Encourage young artists, don’t criticize them
One of my favorite recent art works I created…fitting for how I felt about art back in elementary school.
I almost never became an artist. When I was in elementary school I hated art. I was convinced I was the worst artist in the world and in a report card of all A’s, art was often my only B and once I even got a C. So why was elementary art so awful? Simple, because of my teacher.
I won’t say that my art teacher was a horrible person, she was just not encouraging, at least to me. She often yelled at me because I wanted to ”copy” things rather than come up with my own ideas. She thought that we should all just dream up a picture and put it on paper. I couldn’t do that very well. Perhaps because of my Asperger’s Syndrome (which I didn’t know I had at the time). In fact, I still can’t normally create art just from the imagination (with the exception of some abstract work). The way I work is to see something that grabs my eye – a picture, a person, a scene – and then I take that idea and I draw it the way I see it. It always turns out far different than the original idea, but I do need that original seed of an idea to start with.
Once when we were supposed to be freely drawing from our imagination in class, I sat there stumped as usual, with no idea what to draw. Then I looked at a friend next to me who was drawing a picture of two girls on top of the world. I liked the idea, so with my friend’s permission I did my own version of it. When class was over and we turned in our pictures, the girl and I both had to stay after class because the teacher wanted to know who “cheated” off whom. I remember thinking, “Cheated?! Who cheated?”. She scolded us both and told us to never do it again.

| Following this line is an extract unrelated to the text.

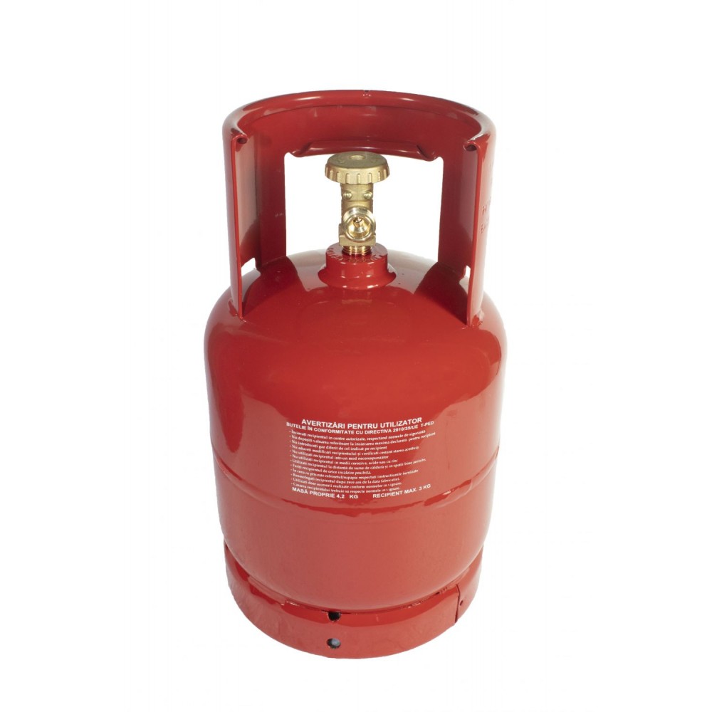 Butelie ELEFANT din Metal cu talpa si guler de protectie pentru conector. Capacitatea maxima de alimentare este de 7 L, sau 3 kG de gaz Propan,Butan. Greutatea buteliei goale atinge 5 kg. Produsul este testat sub presiune de 30 bari, conform standardelor internationale si indeplineste criteriile cerute de ISCIR.

This teacher also often commented how I was “not the great artist your older sister is!” One time she even told me that and made me stand in the corner because I wasn’t “trying hard enough”. Craft time was hell too because I didn’t have the best coordination and my crafts often looked a mess. Again, I would either get yelled at or just get a big disappointed sigh. I got the message loud and clear, again and again. I was no good. I had no talent.
So how did I finally rediscover my artistic side? Well, that I owe to another teacher, someone entirely different. When I got to middle school, my art teacher encouraged me. She showed me how to draw certain things if I didn’t know how. She helped me come up with ideas if I was stumped. She told me how good things looked and encouraged me to try new things without yelling at me if they turned out poorly. In her class I never got a B or a C – all A’s. And I’ve enjoyed art ever since.